─── SUPPLIED RECORDS

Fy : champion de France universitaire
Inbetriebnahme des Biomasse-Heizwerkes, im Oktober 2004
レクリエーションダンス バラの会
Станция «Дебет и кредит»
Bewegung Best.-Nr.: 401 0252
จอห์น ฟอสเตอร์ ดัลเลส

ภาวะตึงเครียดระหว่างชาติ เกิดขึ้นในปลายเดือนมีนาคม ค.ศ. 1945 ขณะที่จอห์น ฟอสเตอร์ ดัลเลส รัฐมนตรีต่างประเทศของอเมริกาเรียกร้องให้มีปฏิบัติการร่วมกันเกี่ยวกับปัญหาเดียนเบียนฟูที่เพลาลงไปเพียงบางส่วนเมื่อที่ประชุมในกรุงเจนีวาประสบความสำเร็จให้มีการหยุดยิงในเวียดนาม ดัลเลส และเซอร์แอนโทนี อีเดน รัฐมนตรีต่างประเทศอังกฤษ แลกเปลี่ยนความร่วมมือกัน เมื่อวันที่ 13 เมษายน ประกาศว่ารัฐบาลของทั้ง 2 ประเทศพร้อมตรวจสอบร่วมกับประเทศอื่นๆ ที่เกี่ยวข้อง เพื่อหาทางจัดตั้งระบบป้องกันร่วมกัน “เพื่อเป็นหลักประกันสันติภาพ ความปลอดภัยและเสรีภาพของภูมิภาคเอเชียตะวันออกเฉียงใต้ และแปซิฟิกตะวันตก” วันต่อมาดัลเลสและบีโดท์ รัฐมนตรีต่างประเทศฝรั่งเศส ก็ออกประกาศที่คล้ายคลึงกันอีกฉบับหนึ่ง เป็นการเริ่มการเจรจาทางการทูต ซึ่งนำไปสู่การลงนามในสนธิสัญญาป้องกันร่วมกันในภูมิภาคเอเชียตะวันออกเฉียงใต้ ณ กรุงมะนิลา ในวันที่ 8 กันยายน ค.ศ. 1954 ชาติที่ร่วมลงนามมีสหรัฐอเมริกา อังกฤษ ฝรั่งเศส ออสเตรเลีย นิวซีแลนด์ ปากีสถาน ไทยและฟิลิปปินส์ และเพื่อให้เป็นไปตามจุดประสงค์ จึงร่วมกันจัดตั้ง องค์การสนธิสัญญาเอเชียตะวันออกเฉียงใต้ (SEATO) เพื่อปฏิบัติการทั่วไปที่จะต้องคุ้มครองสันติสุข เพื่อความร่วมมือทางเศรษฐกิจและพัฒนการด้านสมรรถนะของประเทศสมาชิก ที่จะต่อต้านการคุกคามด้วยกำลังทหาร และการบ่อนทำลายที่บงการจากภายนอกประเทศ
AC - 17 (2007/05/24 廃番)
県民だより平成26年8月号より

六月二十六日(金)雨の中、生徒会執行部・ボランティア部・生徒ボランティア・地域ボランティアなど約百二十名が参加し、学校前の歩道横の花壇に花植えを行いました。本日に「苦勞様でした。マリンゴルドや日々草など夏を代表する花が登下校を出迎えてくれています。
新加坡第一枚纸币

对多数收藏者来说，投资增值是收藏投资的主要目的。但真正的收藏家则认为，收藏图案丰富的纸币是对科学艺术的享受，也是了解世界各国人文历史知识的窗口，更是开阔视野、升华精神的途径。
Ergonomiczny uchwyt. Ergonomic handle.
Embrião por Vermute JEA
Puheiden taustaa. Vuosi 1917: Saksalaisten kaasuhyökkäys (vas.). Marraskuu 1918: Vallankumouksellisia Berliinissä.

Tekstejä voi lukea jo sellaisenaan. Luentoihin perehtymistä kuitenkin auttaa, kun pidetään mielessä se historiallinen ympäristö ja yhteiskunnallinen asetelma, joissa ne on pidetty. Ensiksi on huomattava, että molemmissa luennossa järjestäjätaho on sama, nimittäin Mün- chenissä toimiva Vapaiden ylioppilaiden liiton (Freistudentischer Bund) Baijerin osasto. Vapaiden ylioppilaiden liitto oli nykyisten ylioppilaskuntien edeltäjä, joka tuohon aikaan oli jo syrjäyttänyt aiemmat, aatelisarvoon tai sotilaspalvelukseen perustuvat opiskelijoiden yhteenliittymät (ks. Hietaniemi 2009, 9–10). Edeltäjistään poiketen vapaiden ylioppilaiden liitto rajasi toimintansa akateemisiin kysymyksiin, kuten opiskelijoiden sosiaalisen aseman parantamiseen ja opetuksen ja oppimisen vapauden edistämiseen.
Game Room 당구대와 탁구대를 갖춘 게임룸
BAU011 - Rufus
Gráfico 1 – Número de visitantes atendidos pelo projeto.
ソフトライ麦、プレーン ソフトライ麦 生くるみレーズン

──────
─── SUPPLIED RECORDS

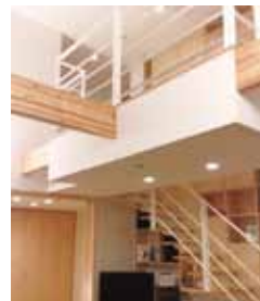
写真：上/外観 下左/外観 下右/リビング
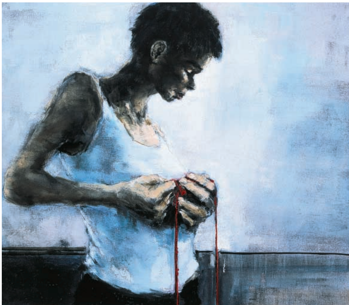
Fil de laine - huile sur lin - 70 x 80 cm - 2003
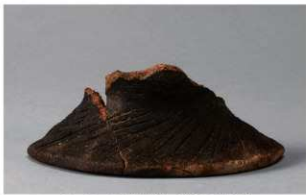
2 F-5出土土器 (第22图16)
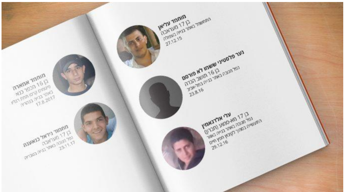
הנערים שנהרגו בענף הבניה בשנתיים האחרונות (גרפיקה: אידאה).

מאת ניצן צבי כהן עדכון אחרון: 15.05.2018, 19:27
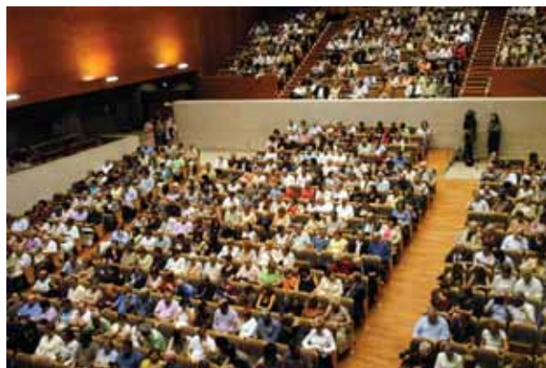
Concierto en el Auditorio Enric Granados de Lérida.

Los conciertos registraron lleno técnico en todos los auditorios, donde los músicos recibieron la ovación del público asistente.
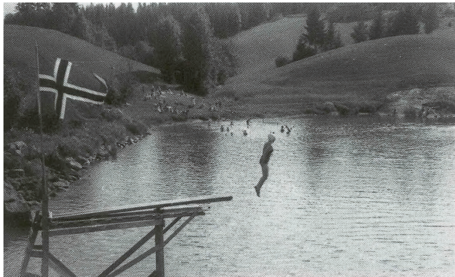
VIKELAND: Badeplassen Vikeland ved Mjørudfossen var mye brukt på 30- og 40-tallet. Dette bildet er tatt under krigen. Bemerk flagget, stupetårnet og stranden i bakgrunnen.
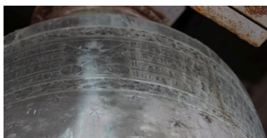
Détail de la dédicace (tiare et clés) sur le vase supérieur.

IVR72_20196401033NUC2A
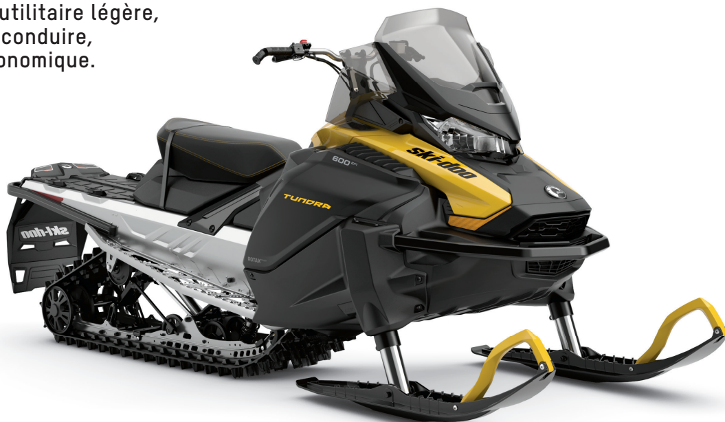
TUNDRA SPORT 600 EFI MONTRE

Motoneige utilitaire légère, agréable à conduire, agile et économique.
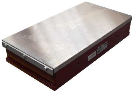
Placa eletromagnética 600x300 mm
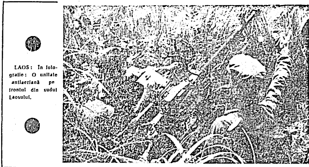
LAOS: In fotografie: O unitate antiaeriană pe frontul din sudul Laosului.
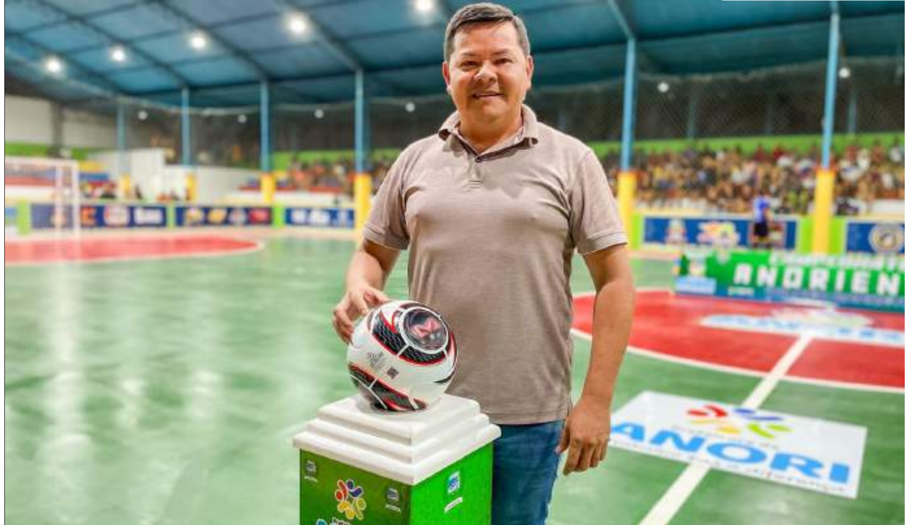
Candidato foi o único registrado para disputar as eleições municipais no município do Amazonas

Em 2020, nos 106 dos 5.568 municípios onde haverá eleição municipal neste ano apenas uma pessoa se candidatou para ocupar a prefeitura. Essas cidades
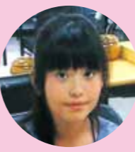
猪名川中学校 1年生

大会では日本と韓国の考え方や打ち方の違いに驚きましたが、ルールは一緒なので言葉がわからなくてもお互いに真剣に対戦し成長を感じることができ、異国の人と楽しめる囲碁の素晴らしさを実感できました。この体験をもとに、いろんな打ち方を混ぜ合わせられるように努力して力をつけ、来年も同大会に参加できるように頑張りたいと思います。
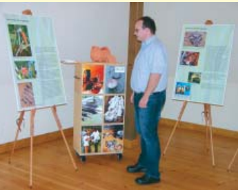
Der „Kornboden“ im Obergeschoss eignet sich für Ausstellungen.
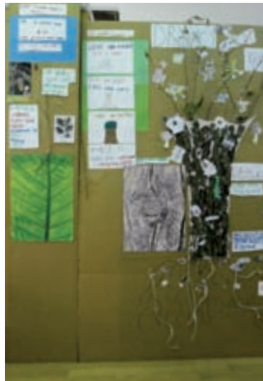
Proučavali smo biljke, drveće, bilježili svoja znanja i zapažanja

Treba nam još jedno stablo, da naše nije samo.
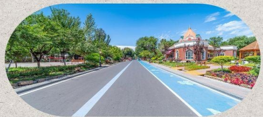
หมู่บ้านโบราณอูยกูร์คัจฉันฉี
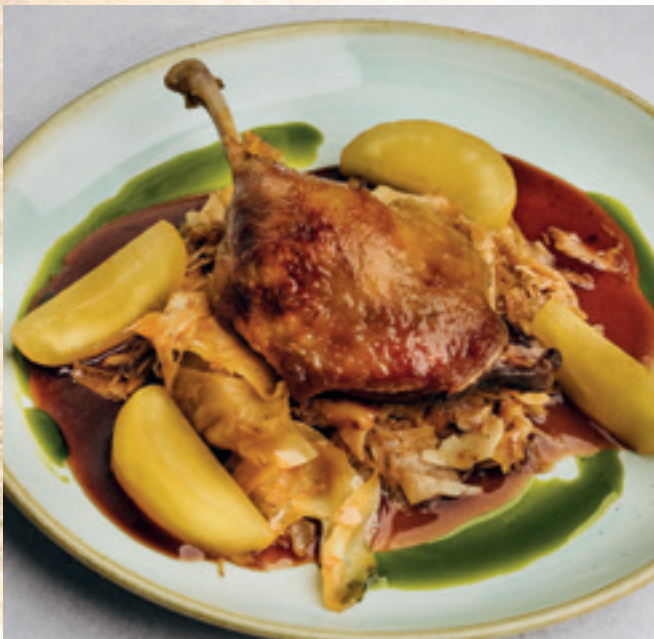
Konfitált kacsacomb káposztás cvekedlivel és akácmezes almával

──────

In the records above, find the line containing "Fil de laine" and the line containing "大会では日本と韓国の考え方や", then give both of them again word for word along with every line between. Omit any pictures.

→ **YOUR RESPONSE**
Fil de laine - huile sur lin - 70 x 80 cm - 2003
2 F-5出土土器 (第22图16)
הנערים שנהרגו בענף הבניה בשנתיים האחרונות (גרפיקה: אידאה).

מאת ניצן צבי כהן עדכון אחרון: 15.05.2018, 19:27
Concierto en el Auditorio Enric Granados de Lérida.

Los conciertos registraron lleno técnico en todos los auditorios, donde los músicos recibieron la ovación del público asistente.
VIKELAND: Badeplassen Vikeland ved Mjørudfossen var mye brukt på 30- og 40-tallet. Dette bildet er tatt under krigen. Bemerk flagget, stupetårnet og stranden i bakgrunnen.
Détail de la dédicace (tiare et clés) sur le vase supérieur.

IVR72_20196401033NUC2A
TUNDRA SPORT 600 EFI MONTRE

Motoneige utilitaire légère, agréable à conduire, agile et économique.
Placa eletromagnética 600x300 mm
LAOS: In fotografie: O unitate antiaeriană pe frontul din sudul Laosului.
Candidato foi o único registrado para disputar as eleições municipais no município do Amazonas

Em 2020, nos 106 dos 5.568 municípios onde haverá eleição municipal neste ano apenas uma pessoa se candidatou para ocupar a prefeitura. Essas cidades
猪名川中学校 1年生

大会では日本と韓国の考え方や打ち方の違いに驚きましたが、ルールは一緒なので言葉がわからなくてもお互いに真剣に対戦し成長を感じることができ、異国の人と楽しめる囲碁の素晴らしさを実感できました。この体験をもとに、いろんな打ち方を混ぜ合わせられるように努力して力をつけ、来年も同大会に参加できるように頑張りたいと思います。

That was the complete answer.